> The data
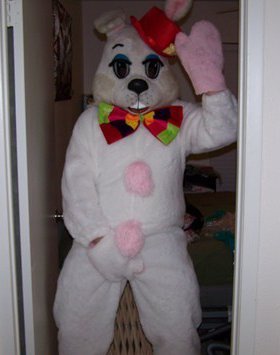 Anyone can hide plastic eggs; I thought the kids in my neighborhood deserved a REAL Easter experience. They should have an ACTUAL bunny rabbit, giving out candy and treats -- just like in the Easter cartoons.
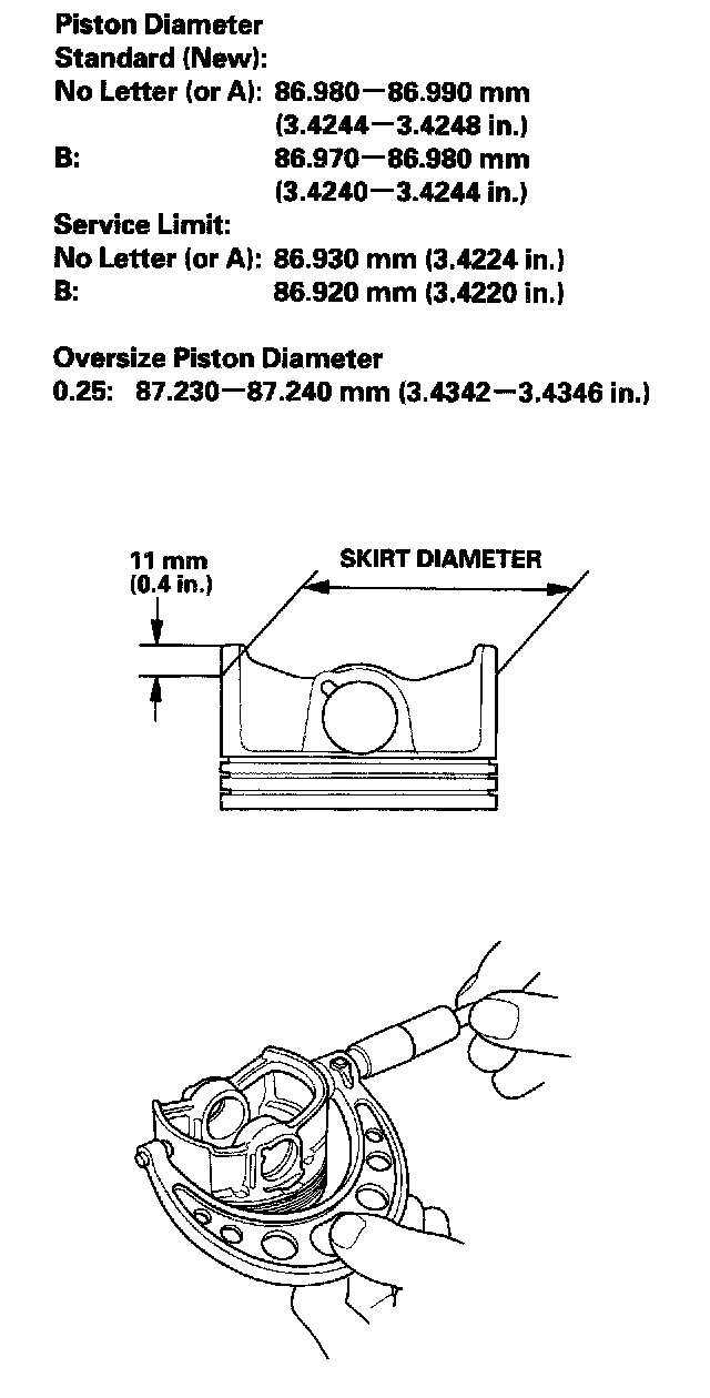 3. Measure the piston diameter at a point 11 mm (0.4 inch) from the bottom of the skirt. There are two standard-size pistons (No Letter or A, and B). The letter is stamped on the top of the piston. Letters are also stamped on the block as cylinder bore sizes.
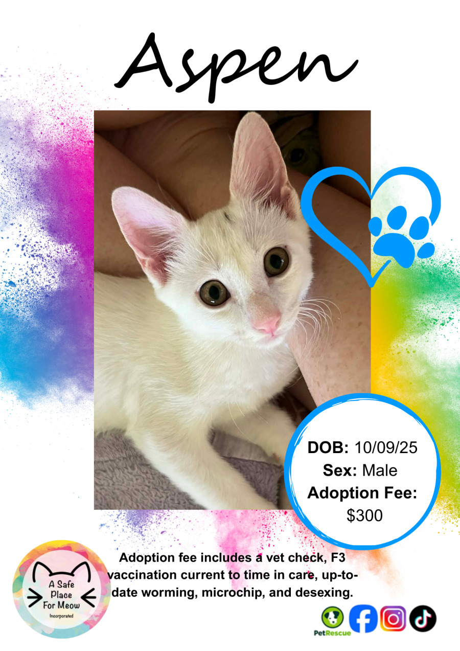 Aspen is a sweet, gentle cat who loves being close to people. They enjoy quiet company, warm naps, and curling up beside you when it’s time to relax.
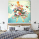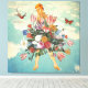 Modern Collage Wall Art. Esta é a vintage retro girl pinup girl com a aparência de uma grande buquê holandesa de flores contra um dramático céu nublado com beija-flores e borboleta. Cores de laranjas, pinças, amarelas, vermelhas, azuis e verdes. Divertido, mod e efemémia eclética. Esta é uma superfície plana com um acabamento de canvas liso. Arte divertida e surreal usando uma mistura de técnicas de colagem e arte digital, com uma sensação retrorreflectora vintage, do século médio.

> Work request
Return the whole listing exactly, minus its pictures.

> Written response
 Anyone can hide plastic eggs; I thought the kids in my neighborhood deserved a REAL Easter experience. They should have an ACTUAL bunny rabbit, giving out candy and treats -- just like in the Easter cartoons.
 3. Measure the piston diameter at a point 11 mm (0.4 inch) from the bottom of the skirt. There are two standard-size pistons (No Letter or A, and B). The letter is stamped on the top of the piston. Letters are also stamped on the block as cylinder bore sizes.
 Aspen is a sweet, gentle cat who loves being close to people. They enjoy quiet company, warm naps, and curling up beside you when it’s time to relax.
 Modern Collage Wall Art. Esta é a vintage retro girl pinup girl com a aparência de uma grande buquê holandesa de flores contra um dramático céu nublado com beija-flores e borboleta. Cores de laranjas, pinças, amarelas, vermelhas, azuis e verdes. Divertido, mod e efemémia eclética. Esta é uma superfície plana com um acabamento de canvas liso. Arte divertida e surreal usando uma mistura de técnicas de colagem e arte digital, com uma sensação retrorreflectora vintage, do século médio.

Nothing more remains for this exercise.